### RECORDED DATA
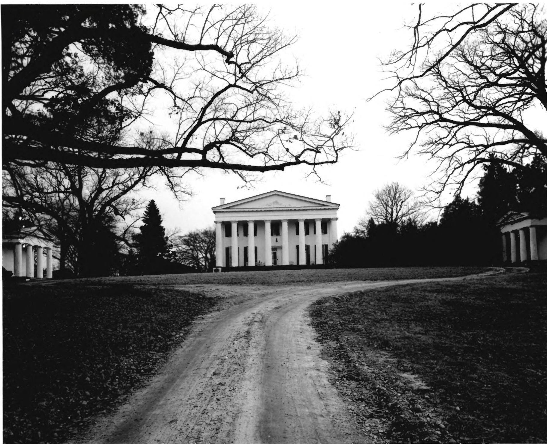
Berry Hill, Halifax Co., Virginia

...

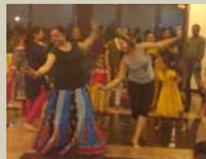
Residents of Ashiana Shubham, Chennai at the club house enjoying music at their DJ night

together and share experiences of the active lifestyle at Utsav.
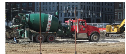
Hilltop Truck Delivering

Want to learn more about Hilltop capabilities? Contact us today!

...

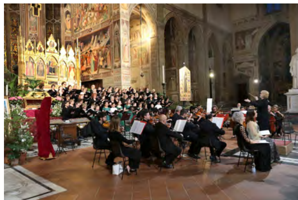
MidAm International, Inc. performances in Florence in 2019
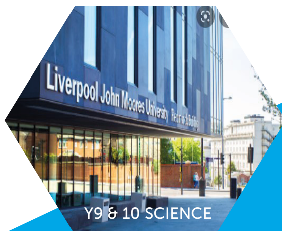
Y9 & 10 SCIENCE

### WHAT THE TASK ASKS
Could you return exactly the stretch of the data above that starts at the line with "Hilltop Truck Delivering" and ends at the line with "Want to learn", both lines included?

### SOLUTION BELOW
Hilltop Truck Delivering

Want to learn more about Hilltop capabilities? Contact us today!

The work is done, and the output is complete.